(GOAL OF THE EXERCISE):
What you give back from the listing below should be an exact copy of the lines from the one with "- 위에서 예시한 사주는 전형적인 관살혼잡 사주에 속합니다." down to the one with "1girl animal animal_on_shoulder", and it should contain no pictures.

(STORED DATA):
- Opening Delimiter -
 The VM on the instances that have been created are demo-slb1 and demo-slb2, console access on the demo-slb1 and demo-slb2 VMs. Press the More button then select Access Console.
- Closing Delimiter -
- Opening Delimiter -
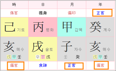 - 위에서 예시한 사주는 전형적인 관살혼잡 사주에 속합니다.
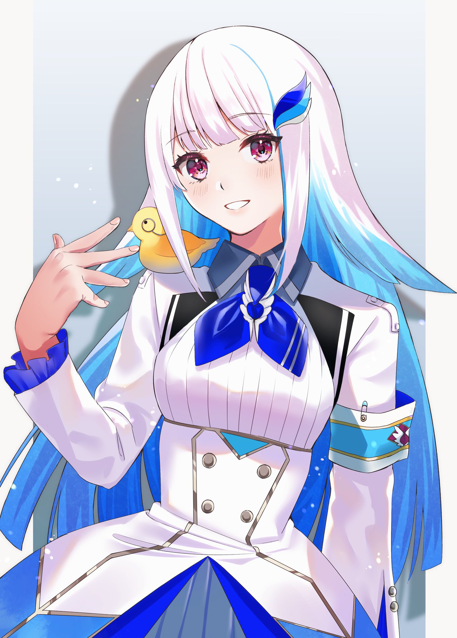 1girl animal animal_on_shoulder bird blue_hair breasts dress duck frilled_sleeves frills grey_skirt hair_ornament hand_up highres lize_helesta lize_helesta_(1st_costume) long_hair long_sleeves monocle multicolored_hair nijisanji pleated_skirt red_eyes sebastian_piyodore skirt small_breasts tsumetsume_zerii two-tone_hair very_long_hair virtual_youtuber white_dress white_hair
- Closing Delimiter -
- Opening Delimiter -
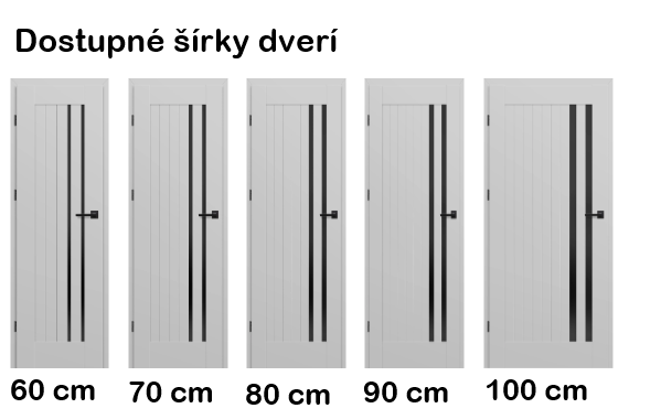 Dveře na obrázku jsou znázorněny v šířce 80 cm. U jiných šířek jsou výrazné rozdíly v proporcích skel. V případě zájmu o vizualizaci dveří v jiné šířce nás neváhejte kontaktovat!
- Closing Delimiter -
(TASK SOLUTION):
 - 위에서 예시한 사주는 전형적인 관살혼잡 사주에 속합니다.
 1girl animal animal_on_shoulder bird blue_hair breasts dress duck frilled_sleeves frills grey_skirt hair_ornament hand_up highres lize_helesta lize_helesta_(1st_costume) long_hair long_sleeves monocle multicolored_hair nijisanji pleated_skirt red_eyes sebastian_piyodore skirt small_breasts tsumetsume_zerii two-tone_hair very_long_hair virtual_youtuber white_dress white_hair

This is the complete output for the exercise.